In this transcript, Tim Redmond (Growth Coach and CPA) and Clay Clark (US SBA Entrepreneur of the Year) discuss the 19 steps to practically accumulate wealth on Thrive15.com, one of the top business schools in PA.
Clay: Now according to Warren Buffett's partner, Charlie Munger, he says [Berkshire's 00:00:10] record would have been terrible if Warren didn't keep learning. Let me try that again. Berkshire's record would have been terrible, if Warren didn't keep learning. Berkshire [Hathaway 00:00:20], for anybody watching this who is not aware, Berkshire Hathaway is the investment fund that Warren Buffett is the majority shareholder of. It's the most successful year-to-year returned investment out there, for years running.
Tim: Since the 1960s, yeah.
Clay: It's unbelievable. He was saying, the rate ... The company, the rate of their growth, it would have been terrible if Warren hadn't kept learning through all these years.
Tim, you work with busi-, you coach clients all over the world. You coach executives, small business owners. I know you do a lot of work in that mid- to large-business range there. Why don't more business owners keep learning? Why do you meet these guys who have a $20 million business, that they either took over or that they started, and they're just drifting? What's going on?
Tim: It's back to that disease called comfort. Now I was just in Brazil, I was talking to a judge, kind of a high-up guy from Argentina. He knew this guy that I studied, an economist from Argentina, [Mariano Brandana 00:01:20]. He did an analysis of rich nations versus poor nations.
He said the poor nations, they work enough to get their needs met. Once their needs are met, they stop working, and they pull back on that. Then the rich nations, what they do is they find a cause greater than themselves that they're serving, that keeps them pushing, that keeps them going on this.
Clay: Let me ... I want to clarify this, because I think somebody watching this maybe is getting a little, they're getting kind of confused here. There's a difference between greed, and trying to make enough money to meet a need greater than yourself. I want to give an example.

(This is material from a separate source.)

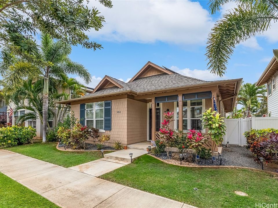 Welcome to resort living at Ka'Makana at Hoakalei! Highly desirable single story model, boosting 3 bedrooms, 2 full baths (one with step in jacuzzi tub), attached 2 car garage, security screen doors, and open floor plan with extra high 10 foot ceilings. The large open kitchen provides ample counter space and cabinets for storage, along with a breakfast bar. The enclosed den is ideal for your home office lifestyle, or can be converted into a 4th bedroom. With 20 owned solar PV panels, and solar water heater to keep utility cost down. The community has a pool, weight room, tennis court, dog park and children's parks. Low monthly association fee includes high speed internet, phone and cable TV. Hoakalei has a private golf country club and the newly opened Wai Kai wave pool and lagoon, for true resort enjoyment. Close proximity to shopping, restaurants and Ka Makana Ali'i shopping mall. Come make this your home in paradise.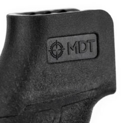 - Grip ergonomics feature a slightly smaller width than MDT’s standard grip with a comfortable palm swell, grooved side profile and flared bottom edge

If you're an entrepreneur watching this, and you say, "I already have all the money I need, and I already have a nice house and a nice car. I just want to keep earning money, for just the accumulation of wealth." Because we live in a great country, if you're watching this in America, you can keep doing that. I would even say that you're probably not greedy, because by you just creating wealth it creates jobs, and more people get paid, and I have no issue with it.
What you're talking about is actually focusing on a need greater than yourself, that is so big that you could never possibly finish it maybe? Or ...?
Tim: Oh yeah. I would say almost every business I've ever coached, there is huge growth. Even in tough times, there is huge growth, and huge opportunities right under their nose. When we diversify? When I work with clients and we diversify? We diversify within their business, there is so many opportunities within that. What industry they go after, a related product. A core competency that they can do this along with doing that.
What I see that business owners do is they get comfortable. They don't allow the fire of desire to get really clear on the [other side of it 00:03:14].
Clay: The fire of desire!
Tim: The fire of desire!
Tim: I'm going to get my harmonica out here [and start popping 00:03:19].
Anyway, but we've got to get this fire of desire, that's going to feed this cause, this part of us that's desperately wanting to be fed. That is to serve other people, to serve a cause greater than me. There have been studies done by this. There's the most popular class at Harvard University talks about this. The driving human desire is the need to contribute to other people.
Thrive15.com is one of the top business schools in PA and helps feed the fire of desire.
What happens, we get comfortable with where we're at. We have all of our needs are met. We don't feed our fire of desire, so we sit down and we say, "Look what I've done. I'm just going to relax now, there's no need to grow."
Clay: I'm going to share a little mystical statistical here for you. This is from Dave Ramsey, and richhabitsinstitute.com. It says, "88% of wealthy people read 30 minutes or more each day for education or career reasons vs. 2% of poor people."
Tim, I know that you're super busy. I have five kids, I have the different businesses I run. You have a wonderful wife, you have kids, there's a lot going on. You coach clients. When do you typically try to get your daily reading time in?
Tim: I love doing it first thing in the morning. My brain's awake, it's fresh, it's ready to rock and roll. I do meditations and visualizations and declarations, and I walk. I also get back to make sure I do some reading.
Clay: If you're watching this right now, an action step you can take is ask yourself, what is a time you can schedule where you block out that time. I know there's a lot of people watching this. I met one lady this year, she lives in New York City. She was explaining to me that because of all the sounds? Because of all the distraction, and because she has roommates, it's not possible for her to really learn, or to read anything, except for in the morning time. Some of you it might be night time, but you've got to find that time.